Blackland Clay Heave
East of I-35, the ground is Blackland clay. It is aggressive soil.
Rain makes it swell. Drought makes it crack deep. This constant motion snaps concrete footers. Monuments tilt or sink. Adding dirt doesn't help; the cracks just open up again. For permanent tombstone repair and restoration, we dig past the moving clay. We install gravel piles. This absorbs the shift so the stone stays level.
Cedar Pollen Paste
Ashe Junipers (Mountain Cedars) surround the area. In winter, they drop yellow pollen.
Morning dew turns this pollen into a thick paste. It bakes onto the stone. If you leave it, it feeds black mold. It stains deep. We use grave site cleaning services to strip this layer before it hardens.
Quarry & Construction Dust
Round Rock is full of limestone quarries and road work. The air is full of white dust.
This dust settles on the markers. It gets wet and hardens like weak cement. It dulls the polish. Wiping it dry scratches the face. We flood the stone with water to float the grit away. Then we wash the surface clean.
Hard Water Scale
Sprinklers run constantly here. The water is full of limestone minerals.

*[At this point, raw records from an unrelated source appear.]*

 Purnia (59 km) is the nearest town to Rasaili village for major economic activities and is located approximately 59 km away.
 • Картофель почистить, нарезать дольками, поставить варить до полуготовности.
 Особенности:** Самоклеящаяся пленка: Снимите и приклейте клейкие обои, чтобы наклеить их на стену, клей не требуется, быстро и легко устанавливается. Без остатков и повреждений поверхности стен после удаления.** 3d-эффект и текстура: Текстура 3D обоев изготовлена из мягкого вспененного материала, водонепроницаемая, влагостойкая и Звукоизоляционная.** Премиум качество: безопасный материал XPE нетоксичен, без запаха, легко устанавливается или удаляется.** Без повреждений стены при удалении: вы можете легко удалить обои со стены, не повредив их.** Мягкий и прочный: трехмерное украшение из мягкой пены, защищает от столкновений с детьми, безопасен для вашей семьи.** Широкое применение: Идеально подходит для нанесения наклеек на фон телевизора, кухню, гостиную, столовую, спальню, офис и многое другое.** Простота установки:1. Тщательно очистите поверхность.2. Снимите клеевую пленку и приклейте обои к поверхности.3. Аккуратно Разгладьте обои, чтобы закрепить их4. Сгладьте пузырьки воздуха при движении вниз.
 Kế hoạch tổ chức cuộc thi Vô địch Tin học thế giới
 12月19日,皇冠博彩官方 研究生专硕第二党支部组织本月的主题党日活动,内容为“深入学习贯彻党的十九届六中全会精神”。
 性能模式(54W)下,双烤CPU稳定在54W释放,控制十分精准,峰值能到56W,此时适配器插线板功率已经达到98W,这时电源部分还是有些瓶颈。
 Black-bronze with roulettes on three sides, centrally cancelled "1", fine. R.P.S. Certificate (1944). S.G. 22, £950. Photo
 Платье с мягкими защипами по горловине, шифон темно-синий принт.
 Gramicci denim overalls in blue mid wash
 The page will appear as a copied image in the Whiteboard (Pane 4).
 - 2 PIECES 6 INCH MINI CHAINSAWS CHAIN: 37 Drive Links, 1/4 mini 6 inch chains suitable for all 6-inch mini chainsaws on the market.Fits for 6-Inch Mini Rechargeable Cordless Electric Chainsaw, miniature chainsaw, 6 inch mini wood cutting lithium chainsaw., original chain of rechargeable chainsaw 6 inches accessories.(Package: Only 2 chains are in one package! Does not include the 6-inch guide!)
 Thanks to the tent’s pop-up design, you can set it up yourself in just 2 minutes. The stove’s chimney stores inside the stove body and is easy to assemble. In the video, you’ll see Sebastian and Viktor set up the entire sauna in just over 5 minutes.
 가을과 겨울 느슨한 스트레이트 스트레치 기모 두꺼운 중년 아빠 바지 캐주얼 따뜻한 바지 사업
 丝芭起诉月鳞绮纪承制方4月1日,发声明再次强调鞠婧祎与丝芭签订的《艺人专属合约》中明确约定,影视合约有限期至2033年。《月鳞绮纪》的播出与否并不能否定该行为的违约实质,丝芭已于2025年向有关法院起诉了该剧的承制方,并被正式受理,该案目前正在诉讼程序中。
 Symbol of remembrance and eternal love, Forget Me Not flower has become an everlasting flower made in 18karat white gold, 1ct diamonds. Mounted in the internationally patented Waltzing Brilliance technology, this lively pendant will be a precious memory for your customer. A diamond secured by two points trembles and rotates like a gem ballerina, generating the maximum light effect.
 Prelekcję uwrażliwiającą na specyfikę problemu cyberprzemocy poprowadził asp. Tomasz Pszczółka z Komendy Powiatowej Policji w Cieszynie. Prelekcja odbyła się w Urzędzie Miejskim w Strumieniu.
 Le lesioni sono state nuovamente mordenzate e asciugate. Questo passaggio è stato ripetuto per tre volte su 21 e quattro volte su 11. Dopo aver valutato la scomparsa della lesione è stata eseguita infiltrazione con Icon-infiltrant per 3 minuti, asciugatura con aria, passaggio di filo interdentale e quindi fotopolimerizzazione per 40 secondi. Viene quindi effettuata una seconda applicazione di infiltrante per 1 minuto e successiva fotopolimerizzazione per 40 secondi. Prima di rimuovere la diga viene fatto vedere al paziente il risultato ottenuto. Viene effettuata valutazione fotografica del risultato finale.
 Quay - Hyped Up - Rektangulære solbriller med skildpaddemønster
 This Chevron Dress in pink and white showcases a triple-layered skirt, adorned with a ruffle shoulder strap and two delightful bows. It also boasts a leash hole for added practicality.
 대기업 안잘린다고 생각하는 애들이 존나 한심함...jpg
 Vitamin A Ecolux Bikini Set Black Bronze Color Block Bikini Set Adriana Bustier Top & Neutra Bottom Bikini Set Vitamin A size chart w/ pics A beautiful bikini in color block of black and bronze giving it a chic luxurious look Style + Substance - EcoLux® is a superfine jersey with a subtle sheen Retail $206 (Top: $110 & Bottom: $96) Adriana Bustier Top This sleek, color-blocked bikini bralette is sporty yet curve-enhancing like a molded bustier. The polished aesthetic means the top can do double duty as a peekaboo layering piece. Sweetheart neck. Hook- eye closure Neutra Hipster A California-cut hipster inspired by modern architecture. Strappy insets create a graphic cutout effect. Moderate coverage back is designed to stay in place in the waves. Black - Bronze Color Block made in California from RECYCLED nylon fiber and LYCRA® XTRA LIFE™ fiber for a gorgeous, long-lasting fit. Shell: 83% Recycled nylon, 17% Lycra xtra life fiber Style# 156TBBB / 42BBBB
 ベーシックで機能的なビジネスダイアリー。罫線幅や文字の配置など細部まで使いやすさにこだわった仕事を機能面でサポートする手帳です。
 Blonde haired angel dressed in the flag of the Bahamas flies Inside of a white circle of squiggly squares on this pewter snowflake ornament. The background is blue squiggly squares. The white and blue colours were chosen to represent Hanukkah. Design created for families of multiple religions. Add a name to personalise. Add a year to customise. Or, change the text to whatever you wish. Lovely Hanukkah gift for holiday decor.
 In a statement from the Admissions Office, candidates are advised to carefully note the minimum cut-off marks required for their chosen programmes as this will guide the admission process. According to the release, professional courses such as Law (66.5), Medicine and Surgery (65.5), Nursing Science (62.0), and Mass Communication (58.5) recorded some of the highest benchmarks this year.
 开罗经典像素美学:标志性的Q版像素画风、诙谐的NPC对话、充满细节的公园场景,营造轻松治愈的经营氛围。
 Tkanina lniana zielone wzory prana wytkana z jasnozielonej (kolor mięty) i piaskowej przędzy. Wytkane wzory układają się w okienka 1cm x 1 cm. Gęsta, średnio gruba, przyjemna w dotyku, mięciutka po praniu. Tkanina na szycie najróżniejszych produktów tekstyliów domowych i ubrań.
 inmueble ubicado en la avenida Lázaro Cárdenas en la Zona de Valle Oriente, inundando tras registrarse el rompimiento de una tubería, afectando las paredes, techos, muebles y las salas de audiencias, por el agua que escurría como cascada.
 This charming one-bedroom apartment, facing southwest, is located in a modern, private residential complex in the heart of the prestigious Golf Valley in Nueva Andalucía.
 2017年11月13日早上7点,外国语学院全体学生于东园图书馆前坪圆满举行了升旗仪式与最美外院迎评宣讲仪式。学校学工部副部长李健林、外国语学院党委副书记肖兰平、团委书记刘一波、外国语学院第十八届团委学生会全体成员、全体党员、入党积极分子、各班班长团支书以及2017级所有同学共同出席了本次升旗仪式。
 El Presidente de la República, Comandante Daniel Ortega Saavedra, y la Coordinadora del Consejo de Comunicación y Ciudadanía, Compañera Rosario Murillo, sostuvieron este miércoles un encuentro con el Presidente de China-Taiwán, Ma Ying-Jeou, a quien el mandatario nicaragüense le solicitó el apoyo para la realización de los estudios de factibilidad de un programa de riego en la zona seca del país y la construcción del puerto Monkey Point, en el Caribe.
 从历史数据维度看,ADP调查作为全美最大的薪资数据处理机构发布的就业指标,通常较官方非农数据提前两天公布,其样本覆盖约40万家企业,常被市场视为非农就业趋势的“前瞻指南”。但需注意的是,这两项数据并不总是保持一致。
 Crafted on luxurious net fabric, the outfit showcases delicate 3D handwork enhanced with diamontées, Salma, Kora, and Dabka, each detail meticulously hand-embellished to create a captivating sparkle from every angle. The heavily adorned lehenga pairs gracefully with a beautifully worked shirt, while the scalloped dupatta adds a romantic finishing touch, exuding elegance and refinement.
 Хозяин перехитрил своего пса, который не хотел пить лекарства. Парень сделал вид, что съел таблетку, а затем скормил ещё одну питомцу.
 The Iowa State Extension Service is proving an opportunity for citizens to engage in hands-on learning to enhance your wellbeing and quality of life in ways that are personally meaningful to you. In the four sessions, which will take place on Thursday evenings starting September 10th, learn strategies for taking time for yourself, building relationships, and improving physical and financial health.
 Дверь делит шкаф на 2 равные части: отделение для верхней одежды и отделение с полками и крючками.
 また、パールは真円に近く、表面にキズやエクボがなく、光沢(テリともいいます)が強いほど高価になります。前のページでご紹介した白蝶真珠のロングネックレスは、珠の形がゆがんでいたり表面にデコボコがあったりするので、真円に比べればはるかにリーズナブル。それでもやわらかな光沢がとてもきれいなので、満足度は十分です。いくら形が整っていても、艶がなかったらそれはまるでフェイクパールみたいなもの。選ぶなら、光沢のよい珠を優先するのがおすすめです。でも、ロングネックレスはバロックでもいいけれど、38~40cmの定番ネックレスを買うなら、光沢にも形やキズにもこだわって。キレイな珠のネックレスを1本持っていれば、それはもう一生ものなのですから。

The sun evaporates the water fast. It leaves a white crust on the base. It looks like frost, but it is rock hard. If you scrape it, you ruin the stone. We use chemical descalers for cleaning stone gravestones. They melt the crust so we can hose it off.
Live Oak Tannins
Live Oak trees are everywhere. They drop acidic leaves and acorns.
Rotting leaves leak brown tannin acid. It leaves dark stains on the marker. It looks like rust. Bleach damages the stone. We use alkaline pastes. They neutralize the acid and pull the brown stain out of the pores.